WORK TASK ▸
Could you restate the data below word for word, without its pictures?

RECORDED DATA ▸
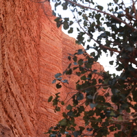 Jordan. Wadi Rum, Al Khazali mountain, cliff face, tree
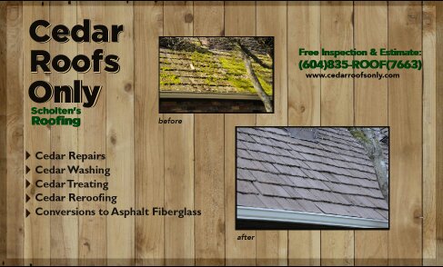 Cedar Roof Repairs, Washing, and treating. 35 years in business. A+ Rating with the BBB. Thanks again!
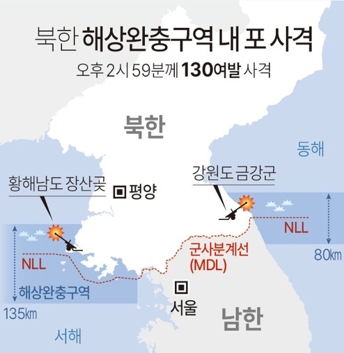 한 줄 요약 : 북한이 동·서해상의 9·19 남북 군사합의로 설정된 해상완충구역에 130여 발의 방사포로 추정되는 포병 사격을 했다.

RESULT OF THIS TASK ▸
 Jordan. Wadi Rum, Al Khazali mountain, cliff face, tree
 Cedar Roof Repairs, Washing, and treating. 35 years in business. A+ Rating with the BBB. Thanks again!
 한 줄 요약 : 북한이 동·서해상의 9·19 남북 군사합의로 설정된 해상완충구역에 130여 발의 방사포로 추정되는 포병 사격을 했다.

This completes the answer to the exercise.